Но эти внешние выгоды не придают обществу внутренней ценности. Изначально благо, которое предлагается человеку полисом , - это лишь сама возможность принадлежать к политическому сообществу и принимать участие в его деятельности. И действительно, это благо не может быть расценено как необходимое для человеческого процветания, если рассматривать индивида как простую человеческую особь. Но человек - не просто особь; он социален в силу самой своей природы.

Венчает его социальную природу политическая добродетель. В еще большей степени, чем брак или дружеские связи, политическое гражданство призывает людей к тому, чтобы достигать блаженства, выйти за пределы себя и подчинять свои собственные желания благу сообщества, к которому он принадлежит.

Джорджа беспокоит то, что признание самоценности политического общества противоречит консервативному проекту по защите «ограниченного правительства», будучи характерным скорее для тоталитарного государства, где индивидуальное счастье приносится в жертву благополучию коллектива.

Но это беспокойство безосновательно. Действительно, правительство всегда будет необходимо для человеческого процветания в аристотелевском смысле, поскольку сама политика является неотъемлемой его частью, в то время как, с точки зрения Локка, оно необходимо только потому, что мир устроен таким образом, что многие важные вещи зависят от дальнейшего существования правительства. Но необходимость не влечет за собой всемогущества.

Даже по Аристотелю правительство не является конечной человеческой целью и, следовательно, существуют границы его справедливого правления. Согласно Аквинату, «человек не подчинен политическому обществу по самой своей природе». Это, конечно, не отрицает ориентации человека на полис - как раз наоборот. Но, несмотря на то что в аристотелевской традиции человек по сути своей является гражданином, в ней также, с кивком в сторону иерархии и субсидиарности, отмечается, что гражданство - лишь одна из многих масок человека, или, точнее, одна из многих его идентичностей.

Следовательно, наше теоретическое обоснование «естественных ограничений» государственной власти не должно, как в системе Джорджа, основываться на допущении о второстепенности политического сообщества. Напротив, мы должны защищать ограниченное правительство, используя связь политического общества с другими «внутренне ценными» благами.

Ни одно естественное благо не является всеобъемлющим настолько, чтобы можно было исключить все остальные. Дружба ограничена; здоровье ограничено; брак также ограничен, несмотря на то что он представляет собой союз одной плоти и таким образом всеобъемлющ в одном узком значении. Но брак ограничен не потому, что он - лишь инструментальное благо, но скорее потому, что он - одно из многих самоценных благ, часть необходимых условий человеческого благополучия.

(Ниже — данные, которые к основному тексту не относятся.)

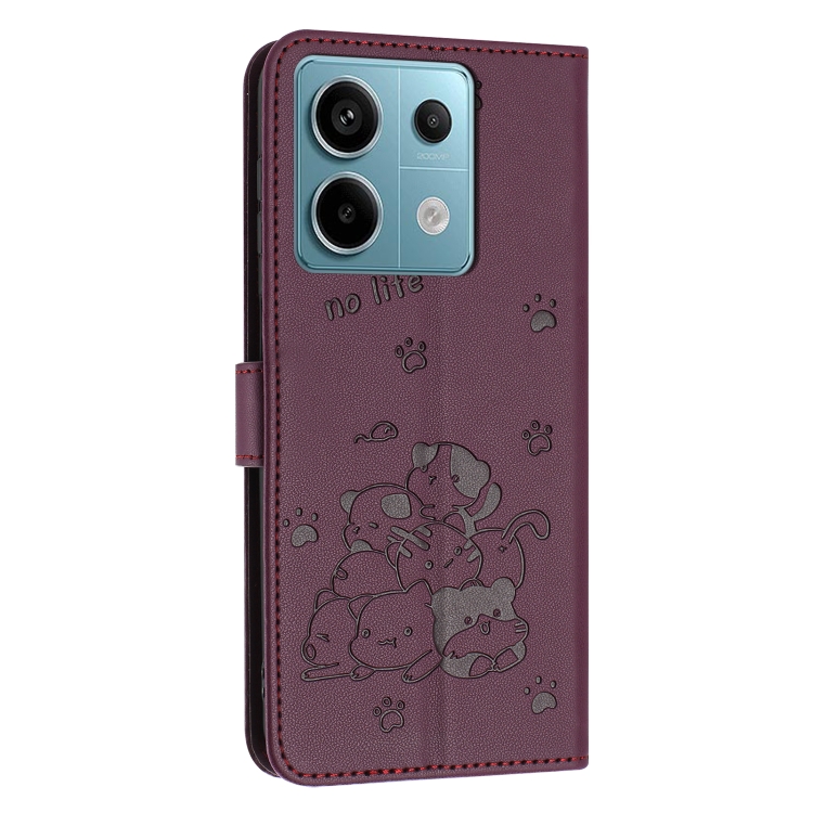Funda de Piel con Diseño de Gatito En Relieve y Cordón para Xiaomi Poco X6 5G (Rojo Vino)

То же самое верно и для гражданственности.

Не памятовать, что человек не сводится к гражданскому статусу, характерно для тоталитаризма, а не для традиции аристотелизма. Как пишет Конинк, «несмотря на то что человек, индивид, член семьи, гражданин, etc. являются одним и тем же субъектом, они формально различаются. Тоталитаризм [ошибочно] идентифицирует статусы “человек” и “гражданин”». Аристотель, напротив, в действительности уважает ограниченный характер даже полезных продуктов человеческой воли, включая правительство. Все эти естественные блага вносят свой вклад в человеческое благополучие, но ни одно из них не способно обеспечить его в одиночку.

Отношение к политическому сообществу как к самоценному благу является более надежным фундаментом для ограниченного правительства, чем сведение его к благу инструментальному. Если мы маркируем правительство в качестве одного из многих самоценных благ, мы можем увидеть, где заканчивается политическое сообщество и начинаются другие блага. Эта картина проясняет естественные границы политики. Правительство получает свою собственную сферу деятельности, но эта сфера по сути своей является ограниченной.

Политическое сообщество, понимаемое лишь в качестве инструмента для реализации индивидуальных благ, в свою очередь, открывает двери для государственного посягательства всякий раз, как только правительство считает, что оно в состоянии помочь. И, как показывает нам новейшая история, государство склонно полагать, что оно способно помочь почти в любой ситуации; даже наше правительство с четко обозначенными границами власти нарушает их на каждом шагу. Когда правительству отказывают в его собственной сфере влияния, в коей оно значимо в качестве самоценного блага, оно пытается овладеть любой доступной территорией.

Слова Де Конинка и в дальнейшем неизменны: «Ложная идея общего блага, присущая персоналистам», - тем, кто подчинял общее благо политического сообщества индивидуальному благу его членов, - «объединяет их с теми, с чьими ошибками они, как им чудится, борются». Несмотря на надежду Джорджа на то, что отрицание внутренней ценности воли правительства сократит его экспансию, на практике инструментализация государства ведет к обратному результату.

Этим практическим последствиям вряд ли стоит удивляться. В конце концов, то же самое теоретическое основание, которое Джордж представляет в качестве базы для сдерживания правительства, предлагается и таким гениальным противником политических ограничений, как Томас Гоббс. Даже Левиафан, понятый как инструментальная ценность, хорош только в силу его способности защищать людей, удерживая их от убийства друг друга в «войне всех против всех».

Мы не должны следовать за Гоббсом в поиске надежных основ для ограниченного правительства. Я убежден в том, что у нас нет необходимости заглядывать дальше, чем мыслитель, провозгласивший человека прежде всего политическим животным.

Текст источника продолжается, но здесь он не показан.